KUNINGAN (MASS) – Salah satu anggota karang taruna Arya Kamuning Desa Pajambon, Kecamatan Kramatmulya, mengungkapkan kekhawatiran serius terkait kejadian longsor yang kembali terjadi di area Cilengkrang.
Arul sapaan akrabnya Didon, menyikapi statment dari Taman Nasional Gunung Ciremai (TNGC) terkait pemicu longsor yang disebabkan oleh curah hujan yang tinggi serta adanya pipa PDAM yang putus. Menurutnya, ternyata ada aspek lain yang menjadi penyebab kejadian tersebut.
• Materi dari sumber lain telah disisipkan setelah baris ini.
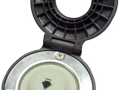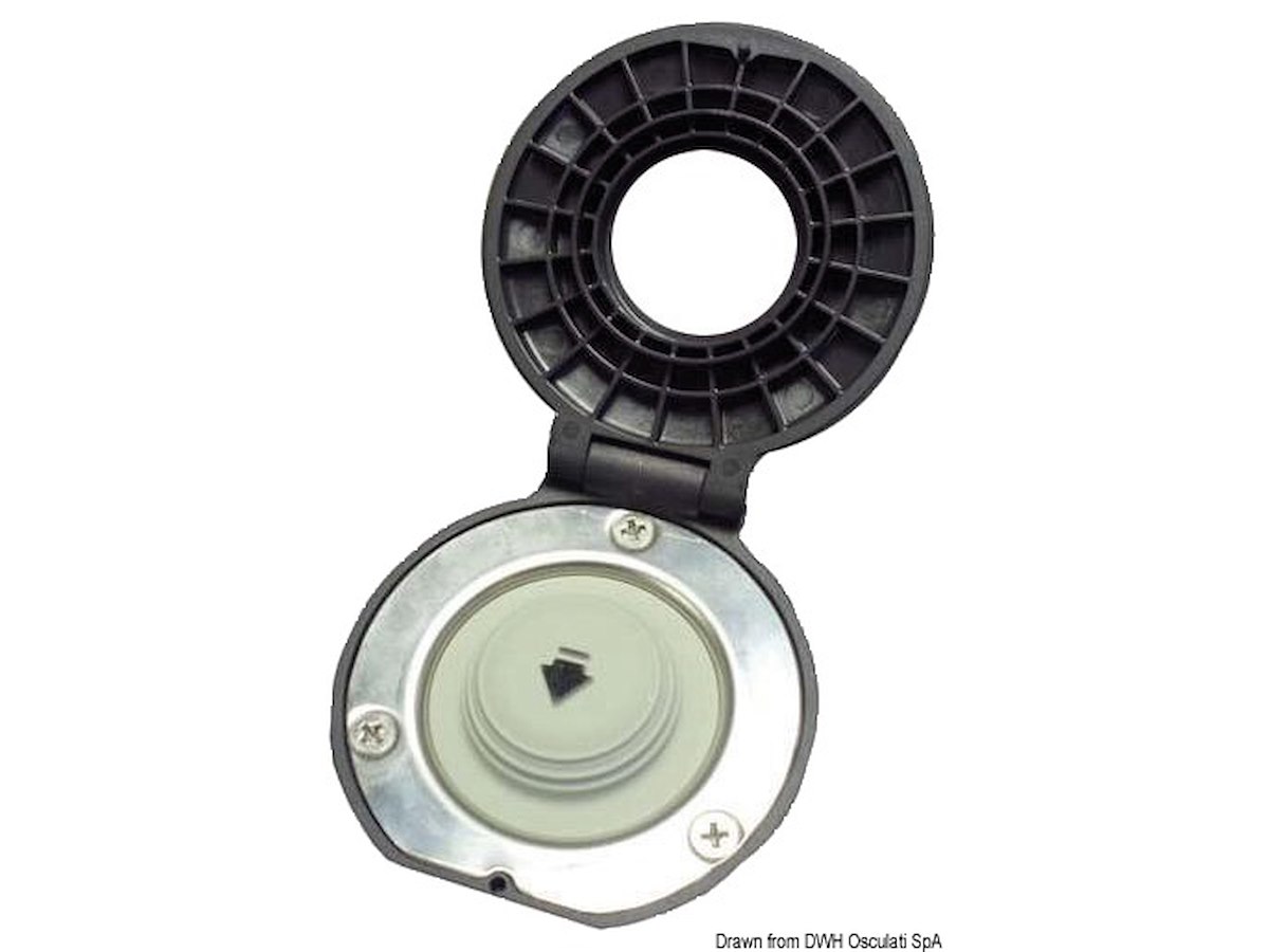 Realizzato in materiale composito, completamente stagno e quindi adatto per il montaggio in coperta; dotato di sportellino apribile.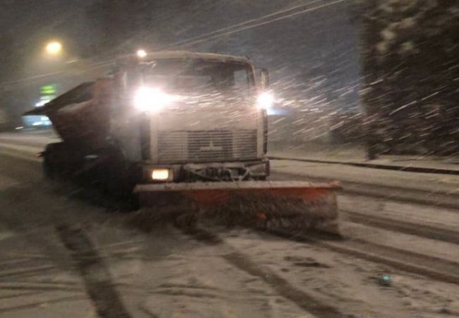 Перший виїзд снігоочисної та посипальної техніки. 6 одиниць працює на дорогах та 11 одиниць на тротуарах.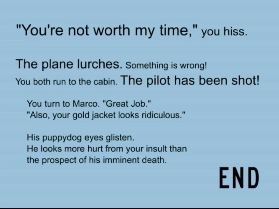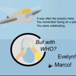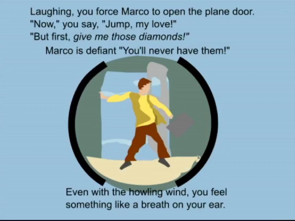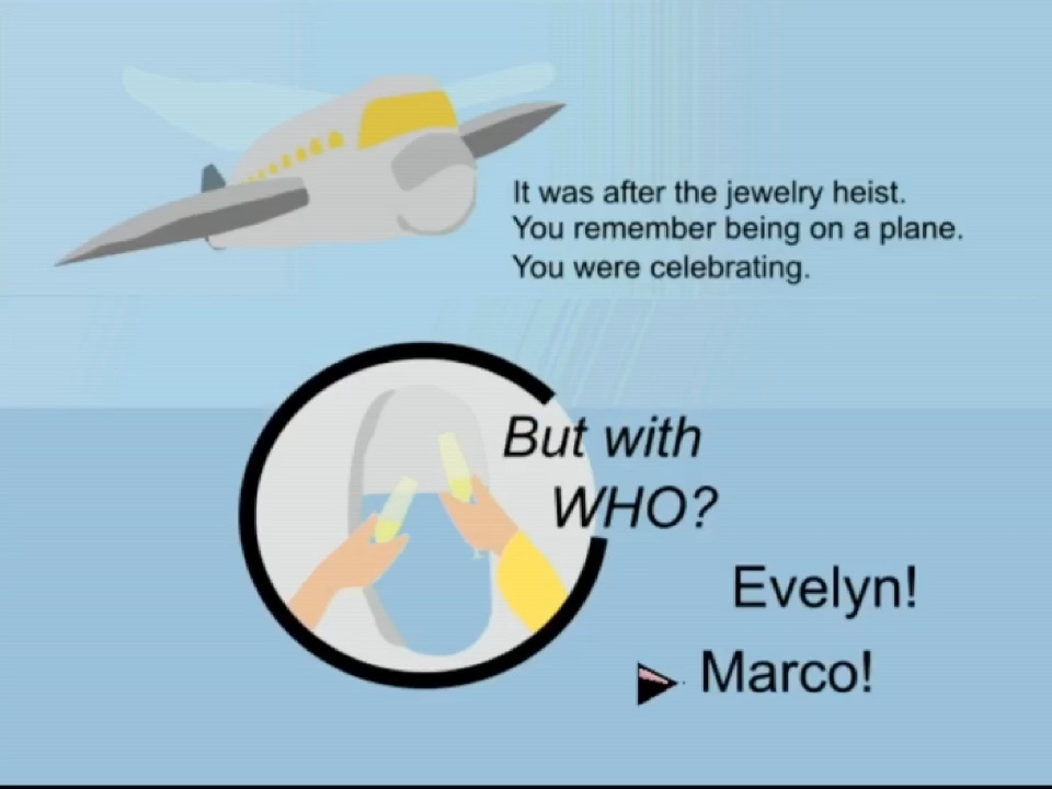 The story starts with you falling down in the sky, but how did it get to this point? This is a choose-your-own-adventure kind of game so the story starts in a flashback on a plane after a jewel heist. You’re there with your two fellow criminals, Marco and Evelyn. You start off by remembering who it is you were celebrating with, and everything descends into chaos from there.

“Dalam berbagai pernyataan, Balai Taman Nasional Gunung Ciremai (BTNGC) menjelaskan bahwa faktor utama pemicu longsor adalah curah hujan yang tinggi serta adanya pipa PDAM yang putus. Namun,versi Karang Taruna, ada aspek lain yang tak boleh diabaikan, masifnya pembangunan yang terus berlangsung di kawasan,” ujarnya, Minggu, (18/5/2025).
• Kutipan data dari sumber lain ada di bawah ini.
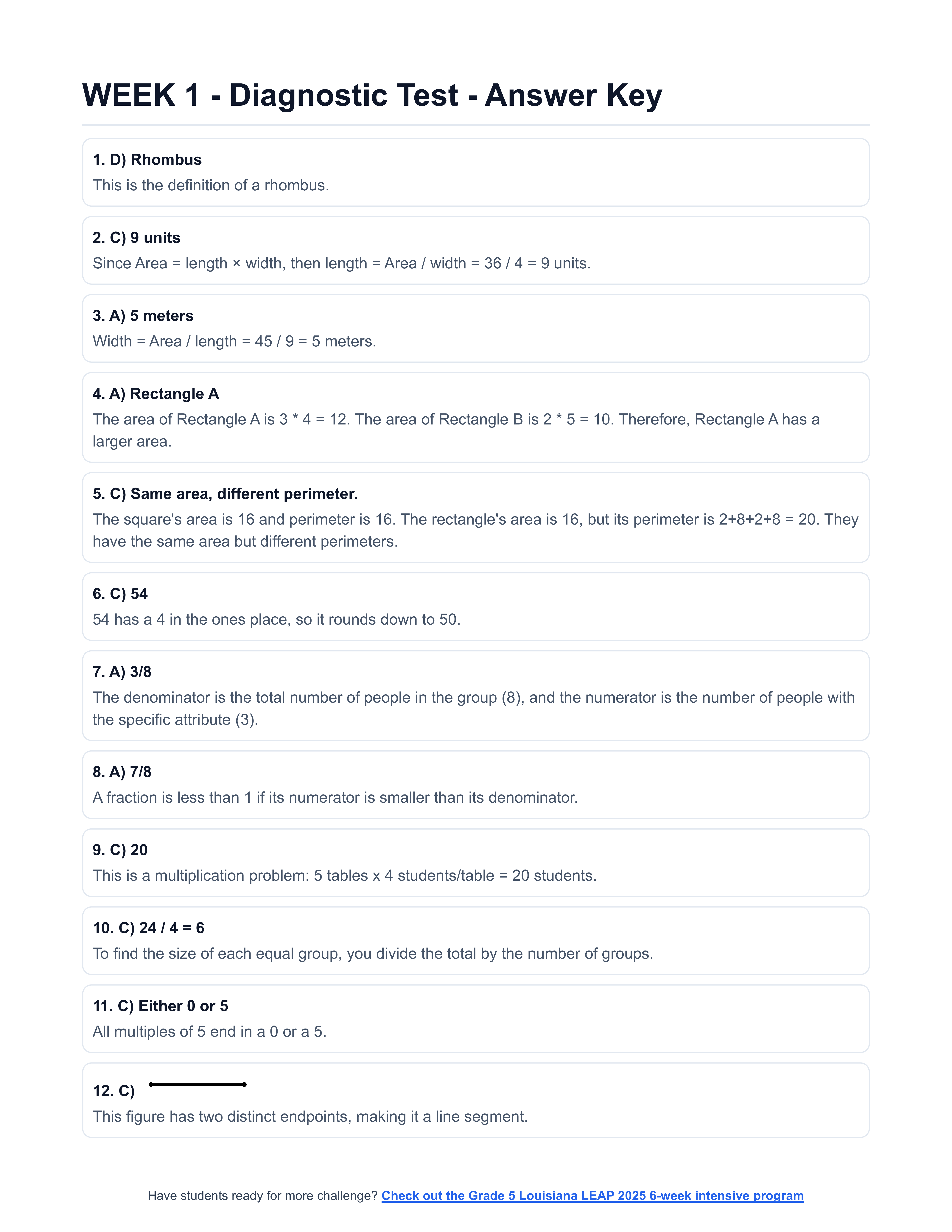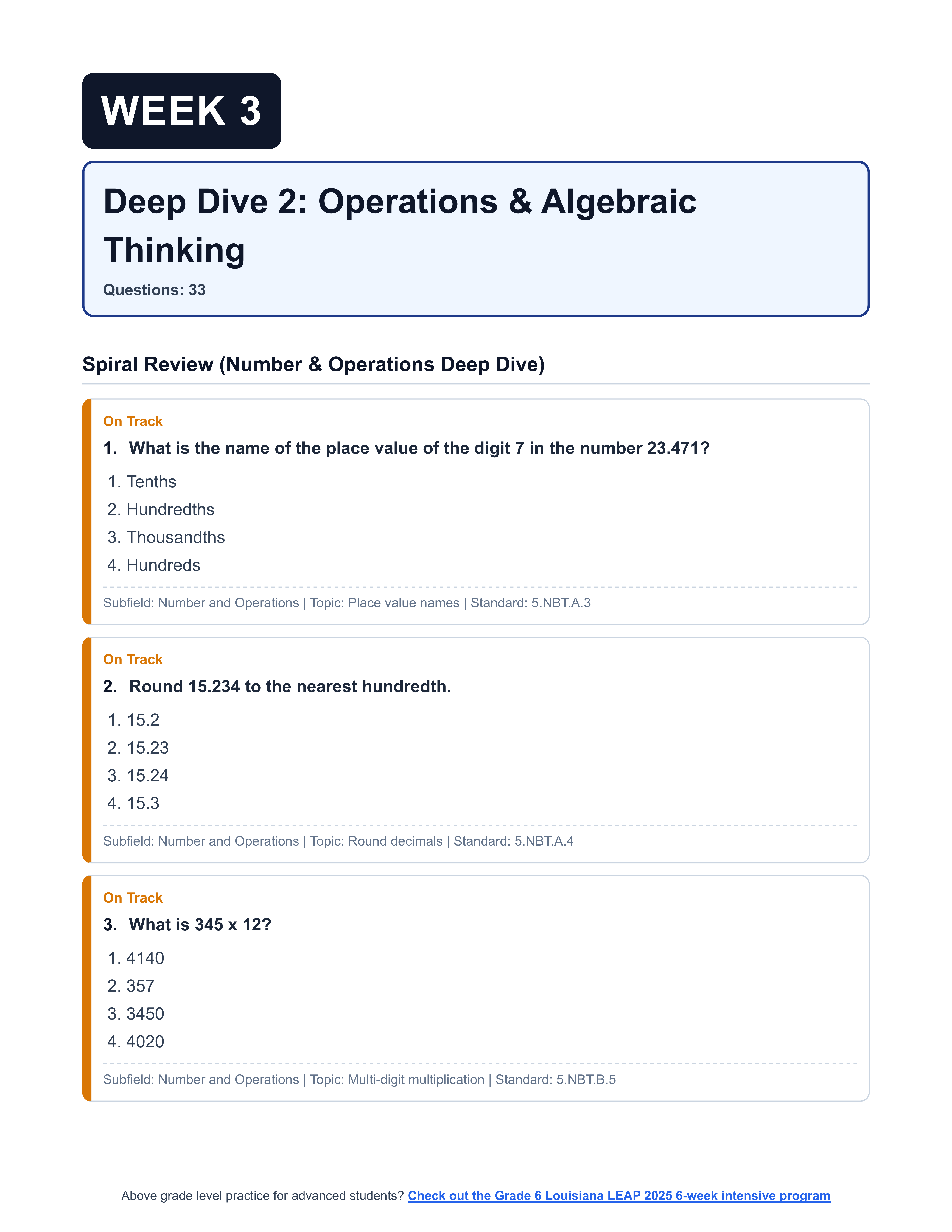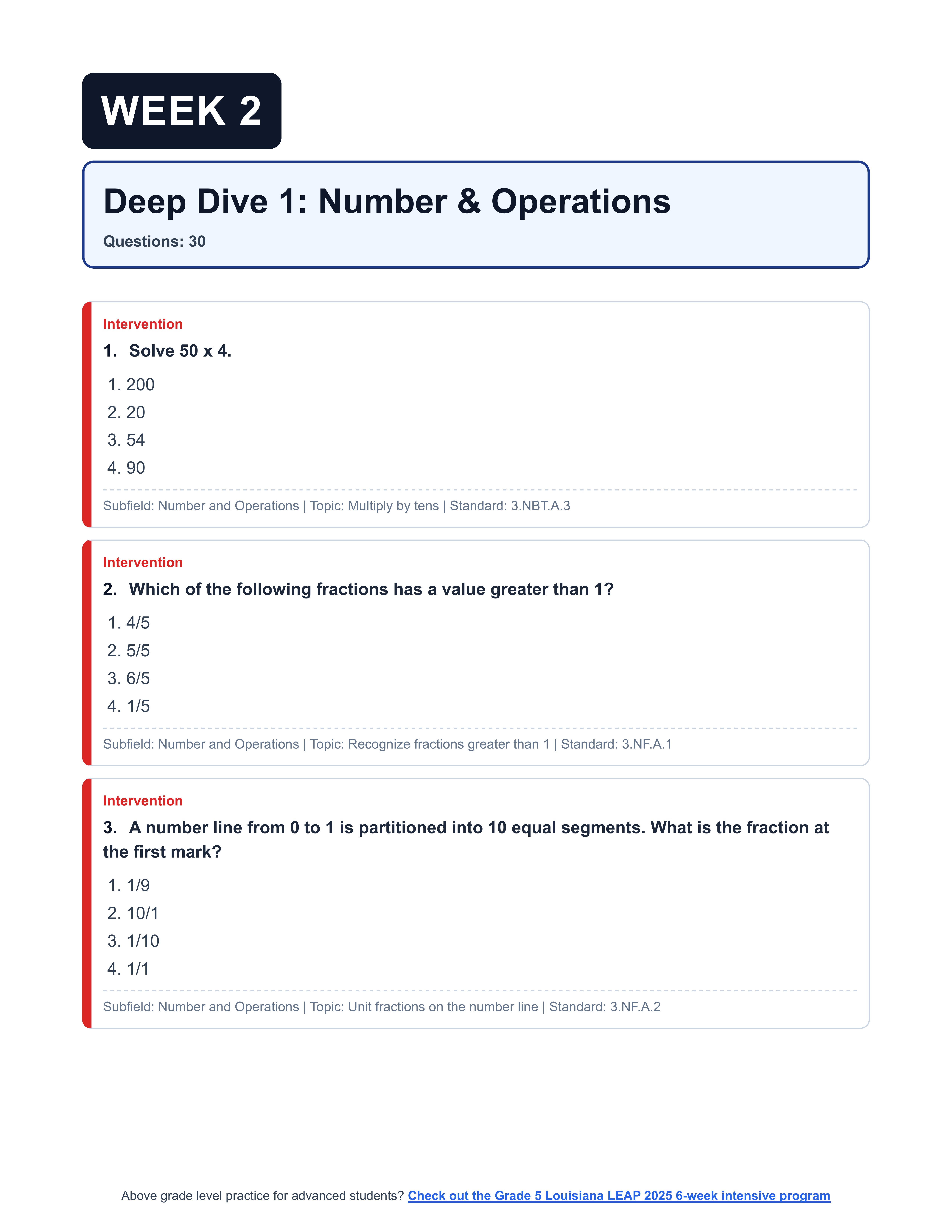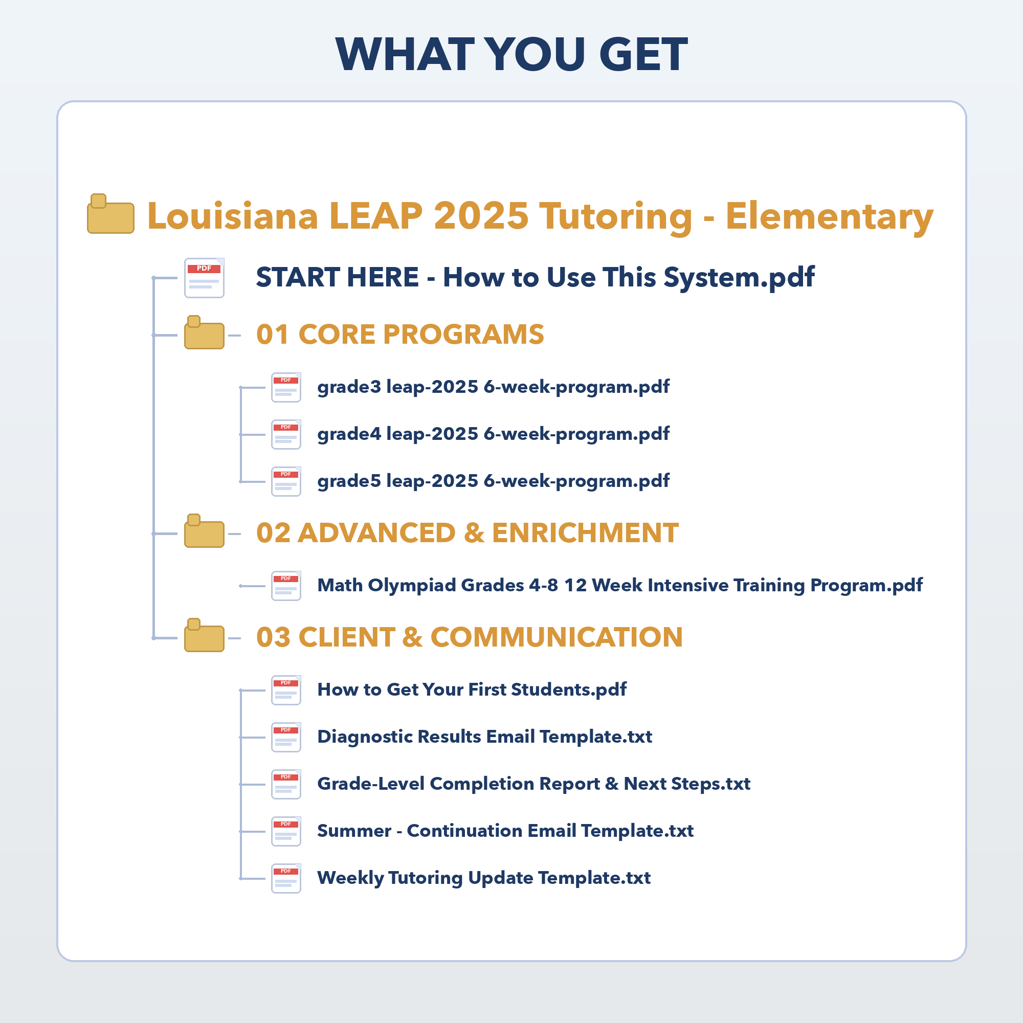 You get 3 complete, grade-specific intensive programs. Focusing on Louisiana LEAP 2025 prep is crucial because it allows for a pre-defined structured program. Having multiple grades allows you to place a student where they need to be, run group sessions, and retain students over time by moving them to the next grade. This is essentially your core print-and-go lesson plan. Each grade includes:

Ia menjelaskan, faktor alam seperti hujan deras berkontribusi terhadap ketidak stabilan tanah yang ada. Dengan tegas ia mengungkapkan, hal itu jangan sampai diabaikan, khususnya terkait pembangunan yang tidak terkendali.
“Kami memahami bahwa faktor alam seperti hujan deras berkontribusi terhadap ketidakstabilan tanah. Namun, yang tidak bisa diabaikan adalah dampak dari pembangunan yang tidak terkendali,” ungkapnya.
Ia menambahkan, dalam 1 tahun terakhir, ekosistem di sekitar Cilengkrang mengalami perubahan drastis akibat proyek-proyek konstruksi. Ia menilai, hal itu mengabaikan keberlanjutan lingkungan.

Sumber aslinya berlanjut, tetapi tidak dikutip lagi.